I read Jon’s blog pretty faithfully. It comes into my email inbox every day or two. I am often challenged by what Jon says. And I almost never let him know any more. It’s just too time-consuming to actually log in to WordPress and leave a comment. Consequently, I not only don’t encourage this writer, I don’t write anything in response, even though I frequently compose blog posts in my head.
I think I gave myself permission to stop writing when I read his January 31 post… He wrote: “The challenge of going out and doing stuff is that we may not have enough words left when we come back to talk about it. Because sometimes, the out there doesn’t leave much energy for in here.”
Exactly. Actually I’d been barely writing any posts already, but this piece gave me the rationale I needed to stop feeling guilty about it. “Doing stuff” has indeed taken priority, and I have felt emptied of words. But beyond that, lately it seems as if there isn’t any down time between the periods of “stuff”… projects butt up against each other, leaving no space to reflect and report, much less to renew. I love all these projects. But I’m beginning to feel the inevitable fatigue that comes from multitasking long and hard. I think I need some time away. Eventually. Maybe after the next…hmmm…

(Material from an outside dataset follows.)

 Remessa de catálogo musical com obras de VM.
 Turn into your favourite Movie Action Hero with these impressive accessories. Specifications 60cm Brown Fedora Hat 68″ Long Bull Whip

Well. Anyway, thank you, Jon, for making writing one of the things you do. You inspire the rest of us, make us think and ponder, whether we make the time to tell you or not. Right now, I’m thinking that while it’s probably OK to not have words left after we get done doing things, if we never intentionally take time out to reflect, report and renew…I suspect the quality of what we’re doing may suffer.
I need to assess, from time to time: am I not writing because I’m busy “doing” out there, or am I not writing because I’ve really worn myself out? When I’ve had time to reflect on that, I hope I can write some more.